■ **Work order**: In the entries that follow, find the line containing "14K Rose Gold Cross Diamond Hoop Earrings" and the line containing "Gi antrekket ekstra", then copy exactly everything from the first through the second except the pictures.

++++++++++

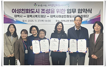 여성과 사회적 약자 보호 중심 4대 협력 분야 설정 민·관 협력 기반 구축으로 성평등 도시 전환 속도 2025년 1월 28일 작성. 태백시는 지난 27일 태백시복지재단, 태백시여성친화도시 시민참여단과 함께 여성친화도시 조성을 위한 업무협약을 체결하고, 여성과 사회적 약자를 위한 안전하고 평등한 도시 기반을 강화하기 위한 공동행보에 나섰다. 이번 협약은 지역…
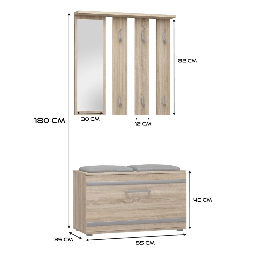 Garderoba do przedpokoju dąb artisan KAMA 85cm - praktyczny mebel do przedpokoju, który pozwoli na stworzenie funkcjonalnego i modnego pomieszczenia. Wieszaki do przedpokoju z siedziskiem dąb artisan KAMA to niebanalny element harmonijnie dopełniający nowoczesny i klasyczny design mieszkania. Wykonany z najwyższej jakości materiałów charakteryzuje się dużą odpornością na uszkodzenia mechaniczne. Konkurencyjna cena oraz solidna konstrukcja sprawia, że jest doskonałym wyborem do Twojego przedpokoju.
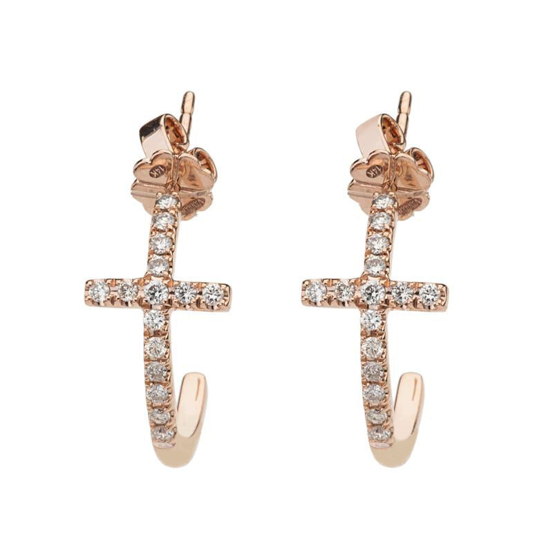 14K Rose Gold Cross Diamond Hoop Earrings
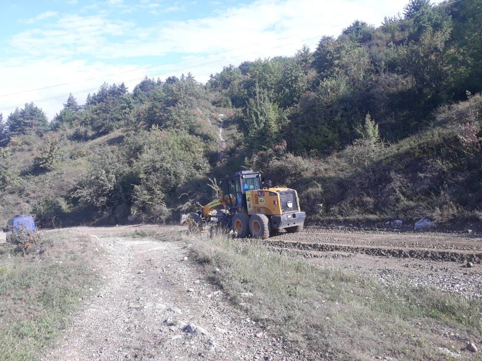 Як видно з фото, на місці активно працює грейдер, а дорога через Вовчинецьку гору перекрита для проїзду автомобілів.
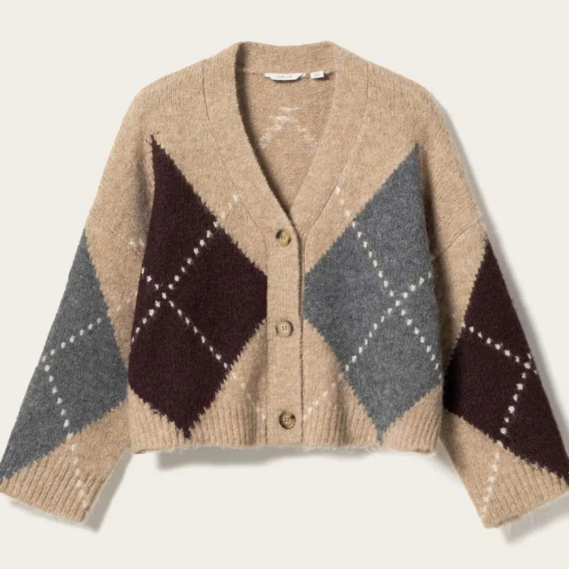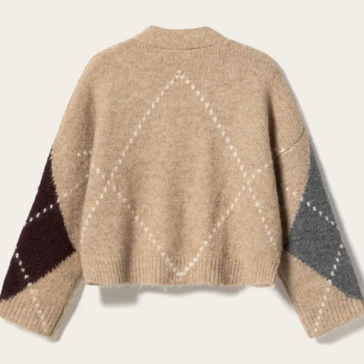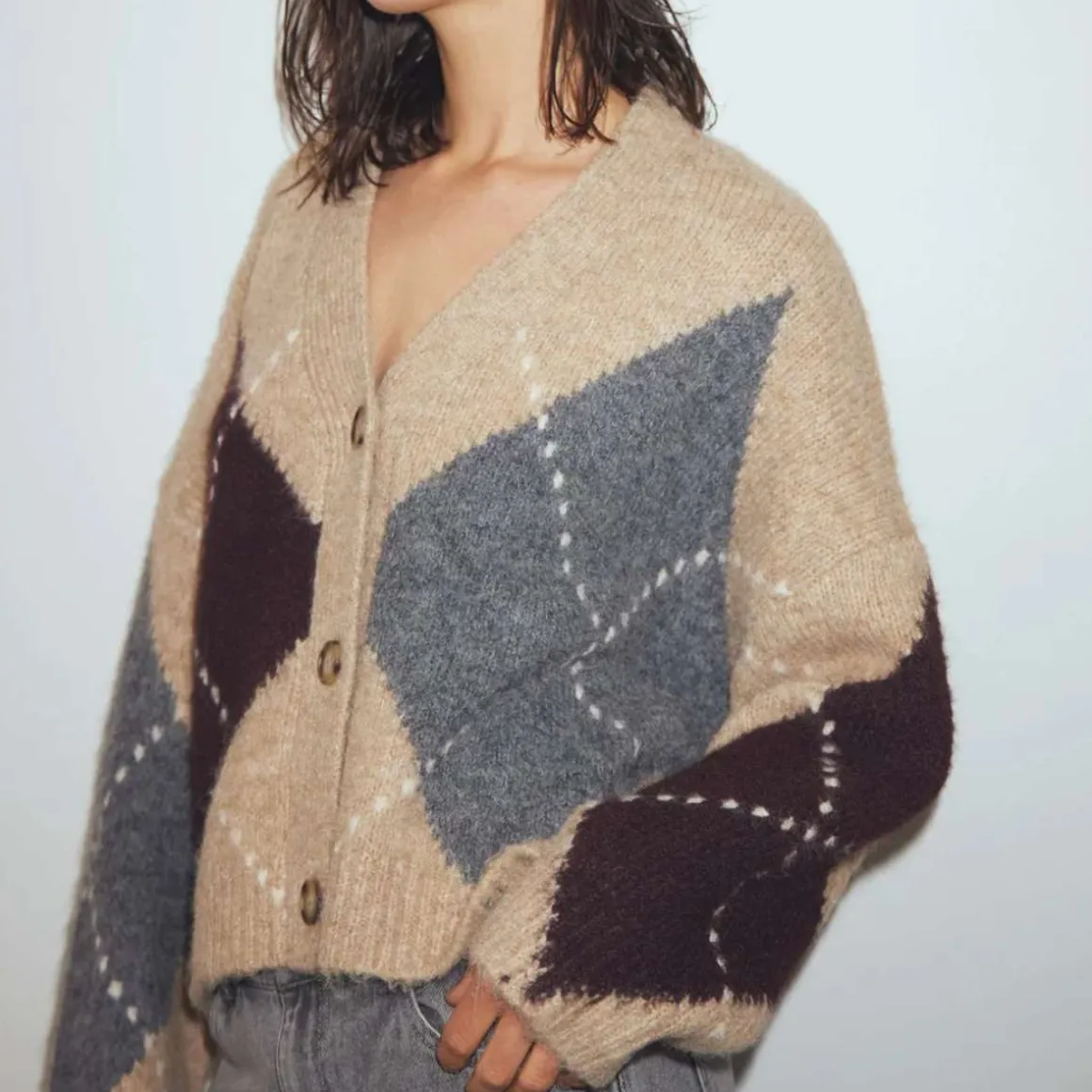 N-Laiana Knit Cardigan er en oversized cardigan med klassisk argyle-mønster. Den har en løs passform, lange voluminøse ermer og en kortere lengde. Argyle-designet gir et tidløst og eksklusivt uttrykk, perfekt for høstens mange trender. Et must-have i garderoben.
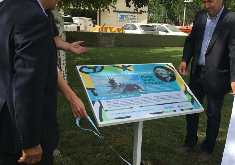La Municipalidad de Neuquén capital nombró a dos calles de la zona conocida como “Isla 132” con los nombres “ARA San Juan” y “Teniente de Navío Eliana María Krawczyk”, en homenaje a los 44 tripulantes del submarino argentino desaparecido hace 14 meses.
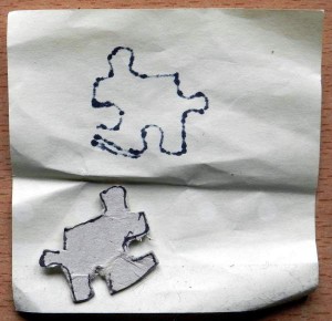 Maar dan, na anderhalf uur puzzelen, stuit ik op een namaak-puzzel-stukje dat vermoedelijk een ontbrekend stukje moet vervangen.
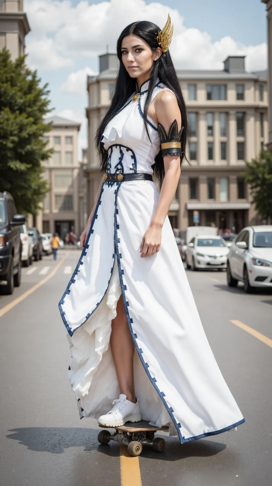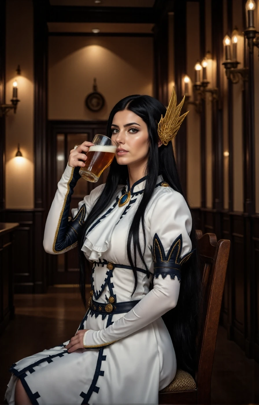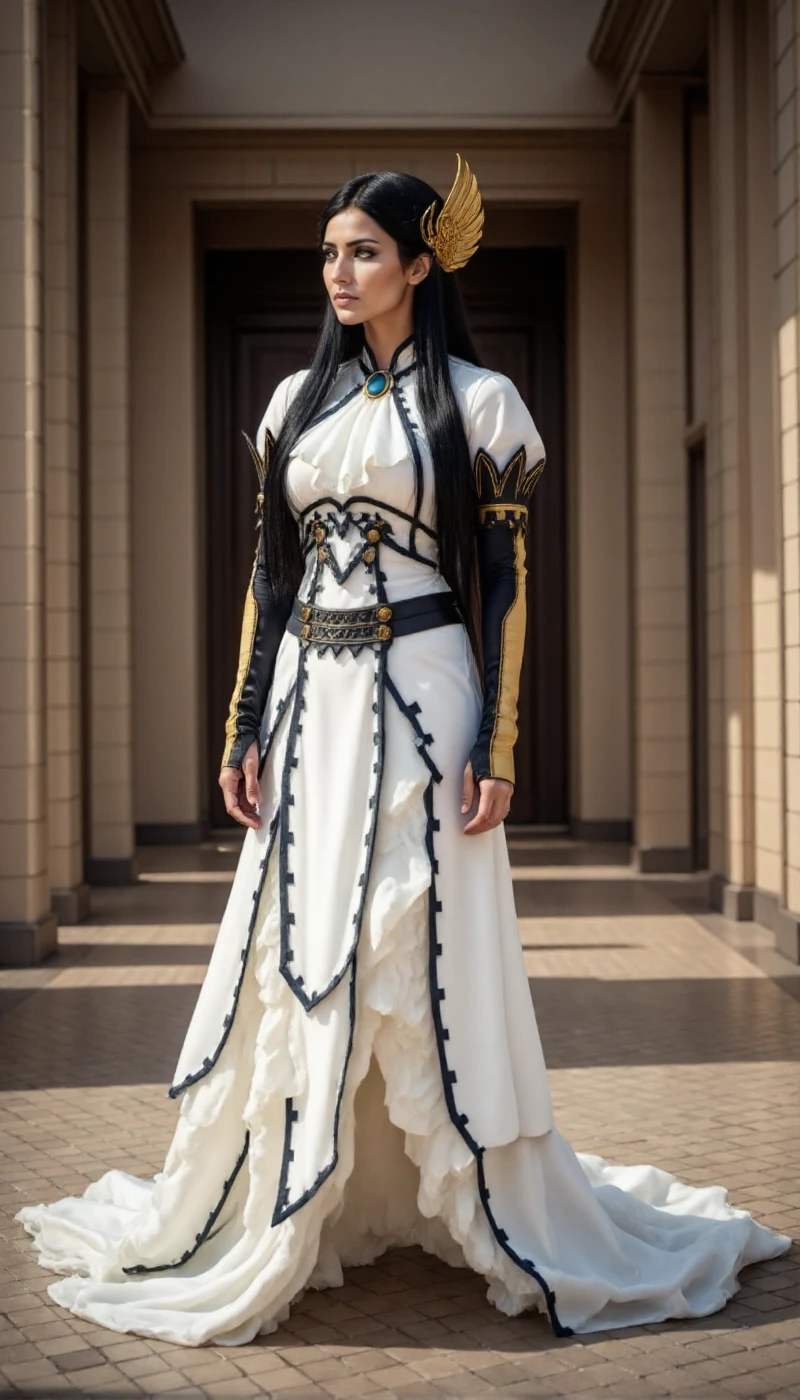 Brunehilde is a woman with blackhair and hair ornemement and white dress
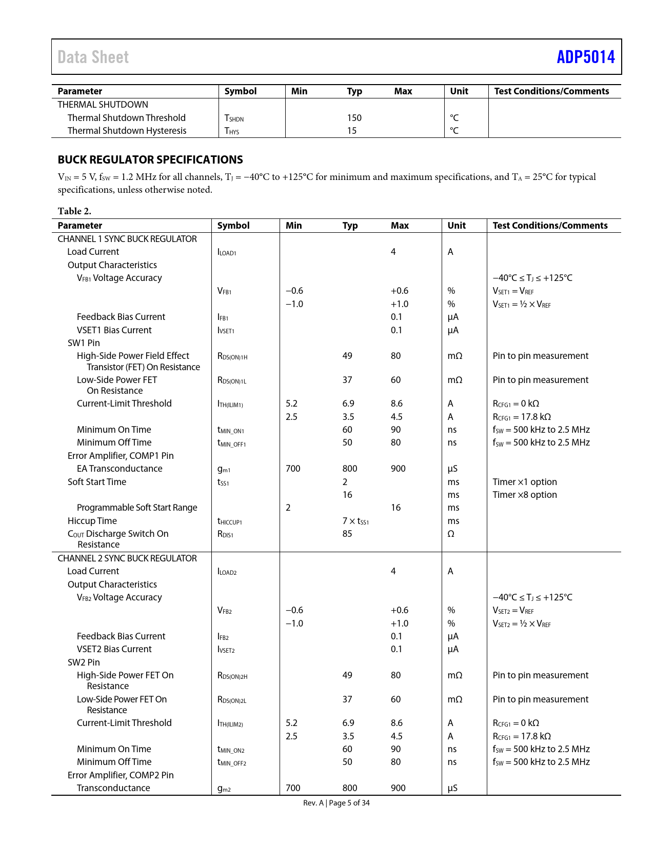 | 页数 / 页 | 34 / 5 — Data Sheet. ADP5014. Parameter. Symbol. Min. Typ. Max. Unit. Test … |
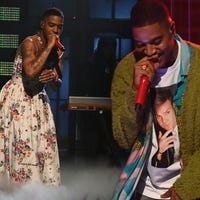 Kid Cudi paid tribute to Kurt Cobain and Chris Farley in his debut as a musical guest on ‘Saturday Night Live.’
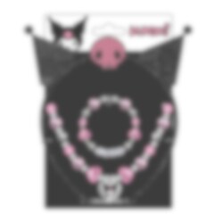 Gi antrekket ekstra attitude med dette stilige smykkesettet med Kuromi. Settet inneholder et glitrende diadem med katteører, et rosa og hvitt perlearmbånd med bokstavene "LOVE", samt et matchende halskjede med en søt Kuromi-anheng. Et perfekt tilbehør for små fans av Hello Kitty-universet som liker å skille seg ut.
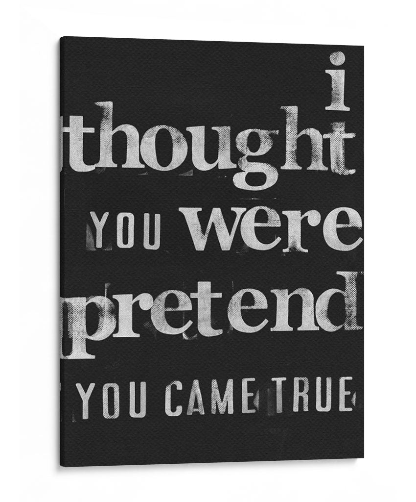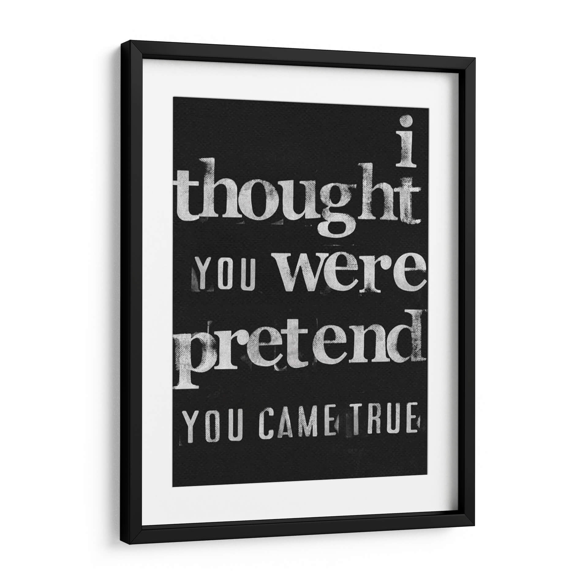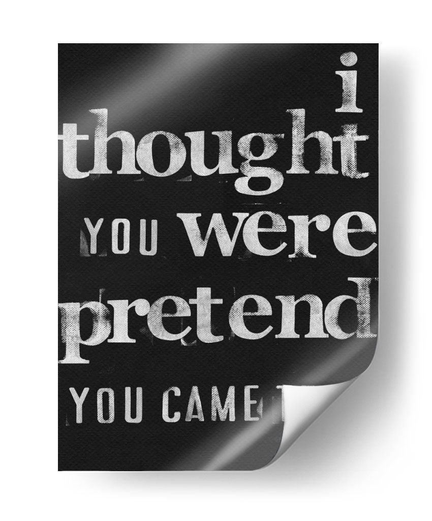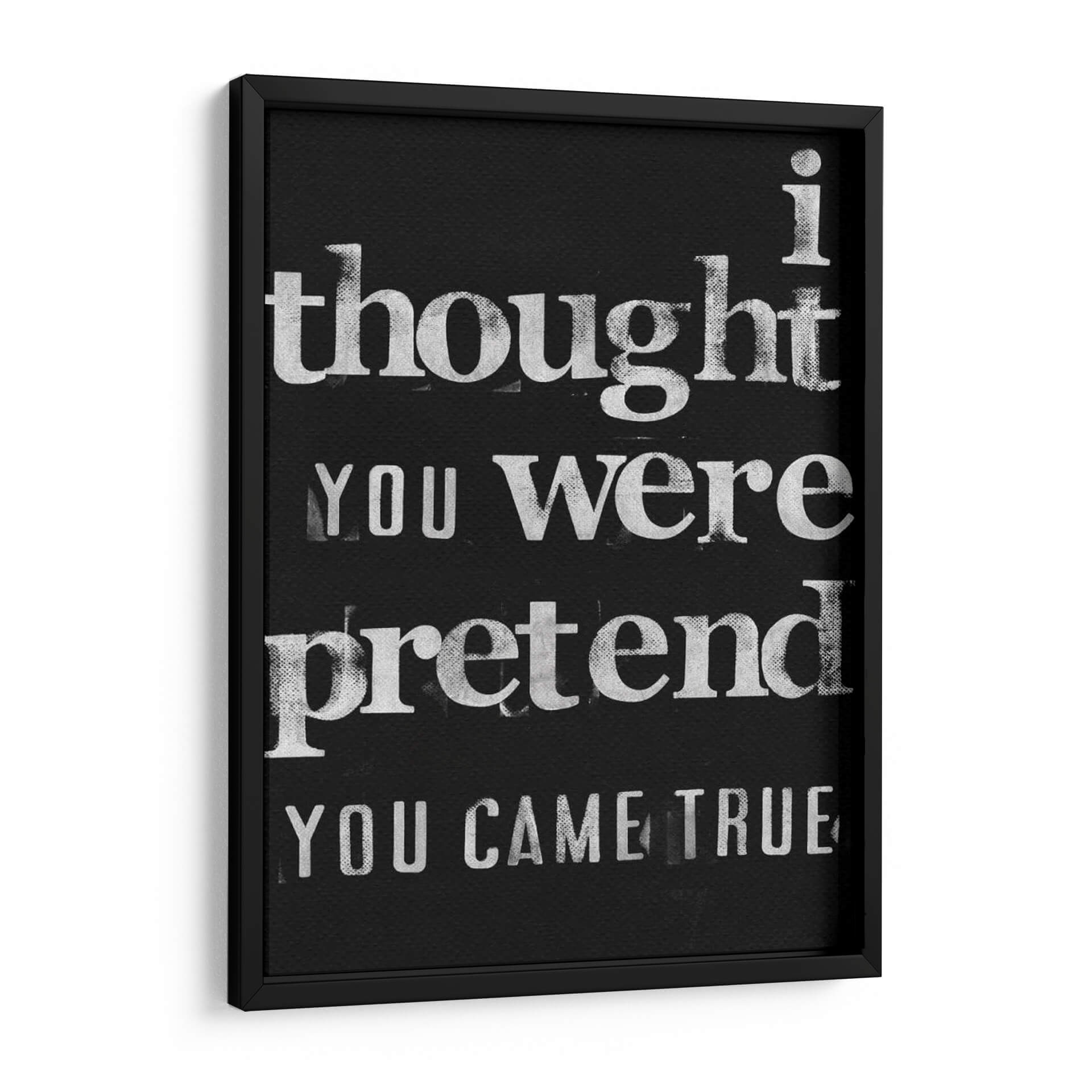 Transforma tu espacio con el evocador cuadro decorativo "Amistad Iv" de Deborah Velasquez. Esta obra, que juega con un contraste impactante entre el fondo negro y la tipografía blanca desgastada, presenta una cita que invita a la reflexión sobre las relaciones y los deseos que se hacen realidad: "i thought you were pretend you came true". La composición tipográfica, con sus letras audaces y texturizadas, crea un efecto visual dinámico y moderno, ideal para añadir personalidad a cualquier ambiente. Su estilo minimalista y el uso del blanco y negro la convierten en una pieza versátil, perfecta para salas de estar contemporáneas, estudios o incluso dormitorios, aportando un toque de intriga y profundidad. "Amistad Iv" no es solo una pieza decorativa, sino un recordatorio visual de las esperanzas y las conexiones que enriquecen nuestras vidas. Descubre cómo este cuadro puede convertirse en el punto focal de tu hogar u oficina, inspirando conversaciones y añadiendo un carácter único a tu decoración.

++++++++++

■ **Task response**:
 14K Rose Gold Cross Diamond Hoop Earrings
 Як видно з фото, на місці активно працює грейдер, а дорога через Вовчинецьку гору перекрита для проїзду автомобілів.
 N-Laiana Knit Cardigan er en oversized cardigan med klassisk argyle-mønster. Den har en løs passform, lange voluminøse ermer og en kortere lengde. Argyle-designet gir et tidløst og eksklusivt uttrykk, perfekt for høstens mange trender. Et must-have i garderoben.
La Municipalidad de Neuquén capital nombró a dos calles de la zona conocida como “Isla 132” con los nombres “ARA San Juan” y “Teniente de Navío Eliana María Krawczyk”, en homenaje a los 44 tripulantes del submarino argentino desaparecido hace 14 meses.
 Maar dan, na anderhalf uur puzzelen, stuit ik op een namaak-puzzel-stukje dat vermoedelijk een ontbrekend stukje moet vervangen.
 Brunehilde is a woman with blackhair and hair ornemement and white dress
 | 页数 / 页 | 34 / 5 — Data Sheet. ADP5014. Parameter. Symbol. Min. Typ. Max. Unit. Test … |
 Kid Cudi paid tribute to Kurt Cobain and Chris Farley in his debut as a musical guest on ‘Saturday Night Live.’
 Gi antrekket ekstra attitude med dette stilige smykkesettet med Kuromi. Settet inneholder et glitrende diadem med katteører, et rosa og hvitt perlearmbånd med bokstavene "LOVE", samt et matchende halskjede med en søt Kuromi-anheng. Et perfekt tilbehør for små fans av Hello Kitty-universet som liker å skille seg ut.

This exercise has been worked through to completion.